Es war nur ein leichter Bittermandelgeruch feststellbar, als wir den Verstorbenen so angetroffen haben. Ich habe zwar gleich Dimethylaminophenol verabreicht, allerdings war die Vergiftung wohl soweit fortgeschritten, dass das Leben des Patienten nicht mehr zu retten war. Der Tod muss irgendwann zwischen 06:00 h und 07:00 h eingetreten sein, vermutlich kurz vor unserem Eintreffen hier vor Ort.

Bericht folgt kurzfristig nach der Obduktion und geht vorab per E-Mail zu. Ich mach´ mich mal vom Acker und bereite alles vor. Die Leich´ kommt ja gleich.<

Die Spurensicherung suchte die nähere und weitere Umgebung auf Hinweise und mögliche Beweise ab.

Kaspar prüfte gerade noch die Innentasche des Sakkos und fand die Brieftasche des Verstorbenen. Elegantes Leder, Eelskin, so wie es dieses nur in den USA zu kaufen gibt. Allerdings verfügte der Verstorbene über deutsche Papiere.

Doktor Jonathan Sibelius Constantin von Kadenbeerg.

Mit drei e, so wie der Pfeiffer aus der Feuerzangenbowle von Spoerl mit seinen drei f. Kaspar musste dann doch am frühen Morgen ein wenig schmunzeln, als er in dieser traurigen Situation die Parallele zu Spoerl´s Feuerzangenbowle zog.

56 Jahre alt, promoviert wohl als Bau-Ingenieur, nach den Visitenkarten in der Brieftasche noch weitere Diplome als Architekt, Kunsthistoriker, Betriebswirt, Finanzwirt, Gutachter für Immobilien mit Europäischer Zulassung usw.

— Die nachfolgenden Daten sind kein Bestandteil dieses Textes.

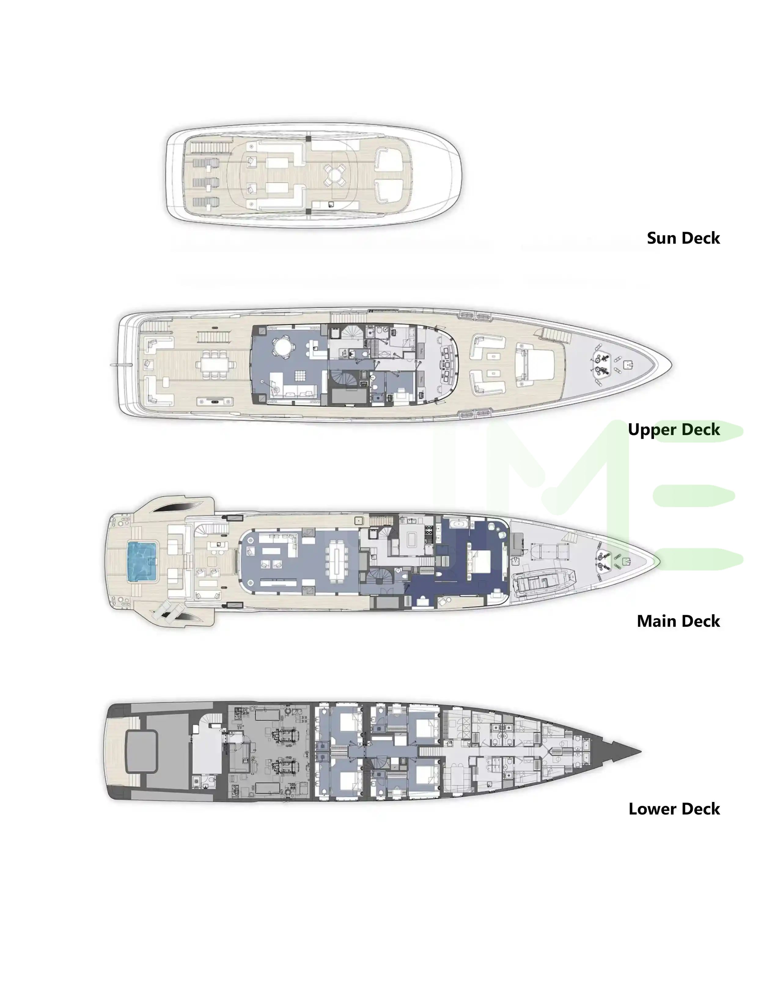 Request plans that include the layout of staterooms, guest areas, and outdoor spaces, as well as crew quarters and work areas.
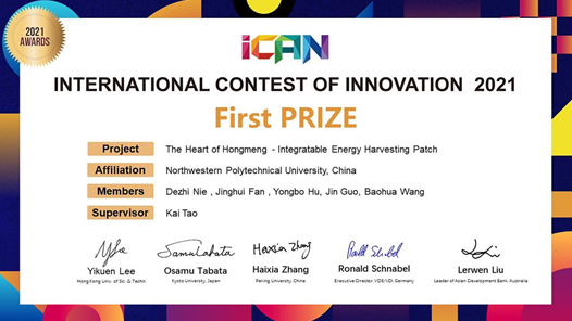 2021年度iCAN国际创新创业大赛国际总决赛(The International Contest of Innovation 2021)于12月19日圆满落幕,开云kaiyun官网开云kaiyun登录入口本科生团队作品“鸿蒙之心——可集成式自然能量采集贴”(The Heart of Hongmeng - Integratable Energy Harvesting Patch)荣获国际总决赛第一名,这是本届比赛中国代表队唯一获得一等奖的作品,也是西工大参加该比赛十几年以来取得的最好成绩之一。
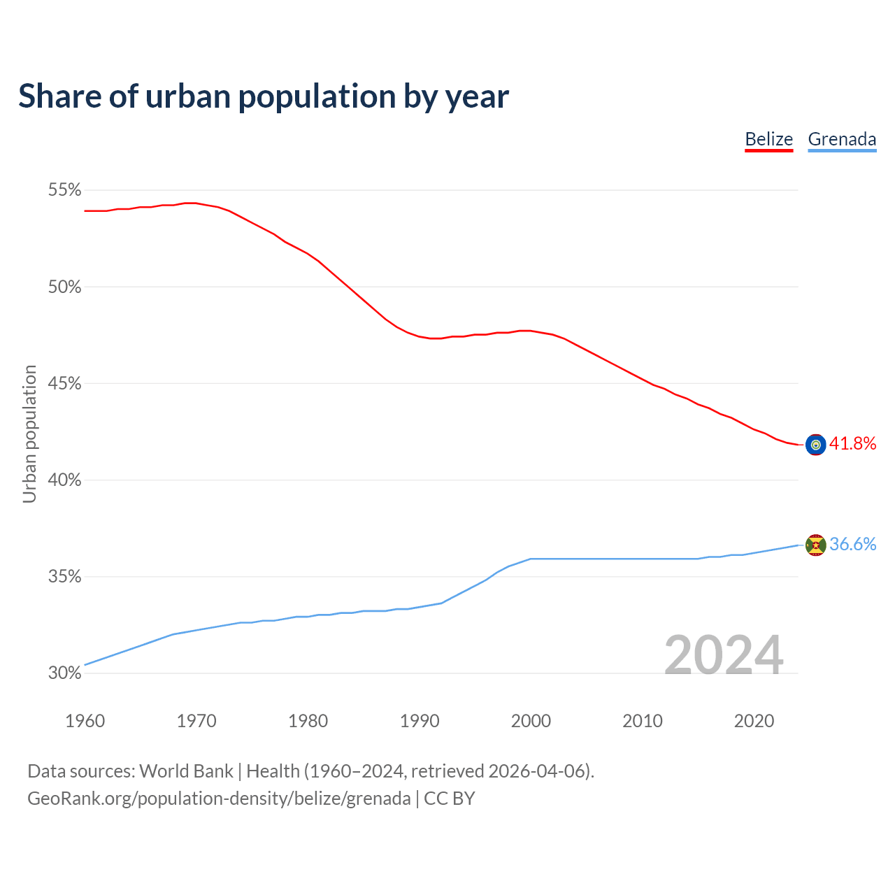 From 2004 to 2024, the share of urban population changed from 47% to 41.8% in Belize and from 35.9% to 36.6% in Grenada.
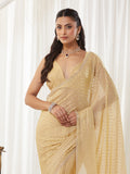 KASEE Women's Beige Embellished Silk Blend Saree with All-Over Sequin Buti Work
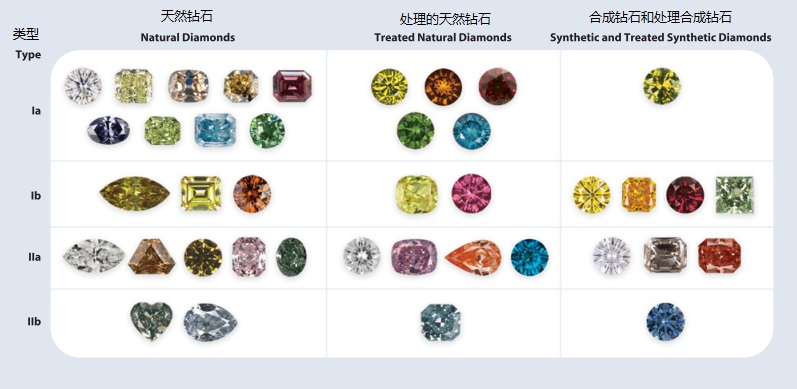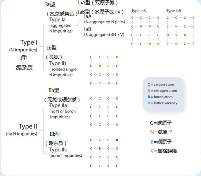 纯净的钻石是单一碳元素组成的。原子以宝石中很少见的规律重复的形式排列(钻石晶格)。但是氮原子和硼原子可以置换并替代晶格中的碳原子。虽然其它杂质元素也可以出现在钻石晶格中,但钻石类型划分系统仅仅依据钻石中是否含有氮原子和硼原子,以及他们如何在晶格中排列(图2)。
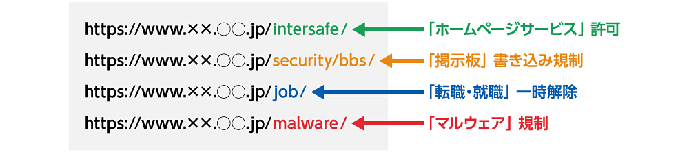 HTTPSデコード機能を使用するとパス部分も含めてカテゴリ判定が可能となり情報漏えいリスクのあるサイトを適切にフィルタリングできます。HTTPSサイトのURL単位での制御を実現します。
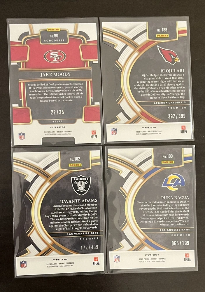 2023 Select Football #’d/RC Lot (40) Puka Nacua /199+Gibbs+Davante Adams /499
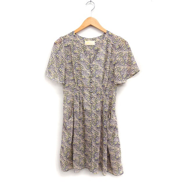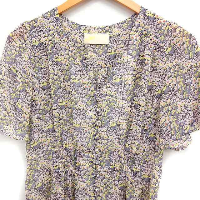 レイビームス Ray Beams 花柄 シアー フレア チュニック 半袖 グレー 灰 /FT46 レディース
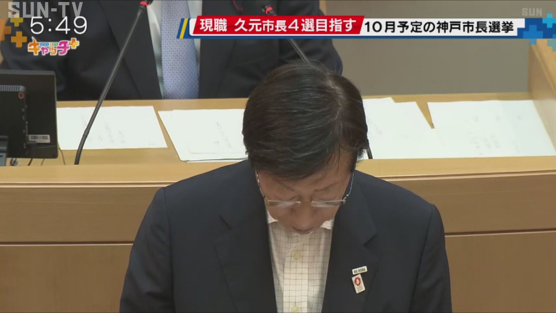 任期満了に伴い10月に予定されている神戸市長選挙に、現職の久元喜造市長が4選を目指し、立候補する意向を表明しました。
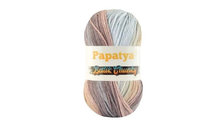A Papatya Batic Chunky gyönyörűen festett, kellemes tapintású, 100%-os prémium akril színátmenetes fonal. Míg a Papatya Batik fonalat 3,5-4 tűvel ajánlott készíteni, addig a Papatya Batik Chunky fonalat 5-6 tűvel.

In der Brieftasche fanden sich auch die Wagenpapiere. Jede Menge Wagenpapiere. Aber meist historische Fahrzeuge oder Youngtimer, wie diese neudeutsch genannt wurden. Der ausgesprochen gepflegte Opel Senator B, der oben seitlich an der Straße geparkt war, gehörte wie bereits vermutet zu Doktor von Kadenbeerg, denn in der anderen Jackentasche befand sich neben dem Mobiltelefon auch der dazugehörende Schlüssel. Erkennbar an dem Opel–Logo und dem für das Baujahr typische Birnchen, um das Türschloss anleuchten zu können, denn die Autoschlüssel waren damals noch nicht up to date mit den heutigen Fernbedienungen.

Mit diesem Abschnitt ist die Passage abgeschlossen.